Bobby Wolff United Feature Syndicate

This deal from the first final session of the Chicago 2006 Mixed Board-a-Match teams was a tricky one to play in six spades despite clues that were available in several of the auctions. (East doubles a heart cuebid, or West overcalls in clubs.)

Say you play in six spades on a top club lead. Which hand should you set up? Many players ignored the danger signs, finessing in hearts and running into a ruff. But the auction had indicated the danger of that approach. Can you see a better line?

The answer is to win the club ace, play the diamond ace, ruff a diamond, play a spade to hand, then ruff another diamond.
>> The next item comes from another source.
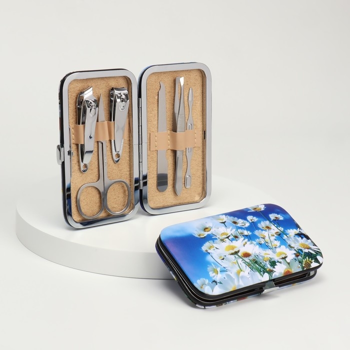 Набор маникюрный «Нежные пионы», 7 предметов, в футляре

Now cross to hand with a high trump and ruff your last diamond with dummy’s last trump, then ruff a club back to hand.

At this point you can draw the last trump while still having one trump left in hand and can now take the heart finesse. If it holds, in the three-card ending you ruff a club back to hand with an excellent chance to make 13 tricks.

But as the cards lie, of course, the heart finesse loses and you have to settle for 12 tricks. Just to give you an idea of how tough this deal was to play, only five declarers out of a 26-table section made it.

Bid with the aces

South holds:

♠ A K J 8 7
♥ J 7 5
♦ A 8 6 3
♣ 10
SouthWestNorthEast
1 ♠2 ♣PassPass
Dbl.PassPass2 ♦
?

Answer: When you have started to double the opponents for penalties, as here, you should make sure not to let them off the hook.

Here you have four trumps and great controls, so even though you lack trump intermediates, lower the ax at once and double two diamonds.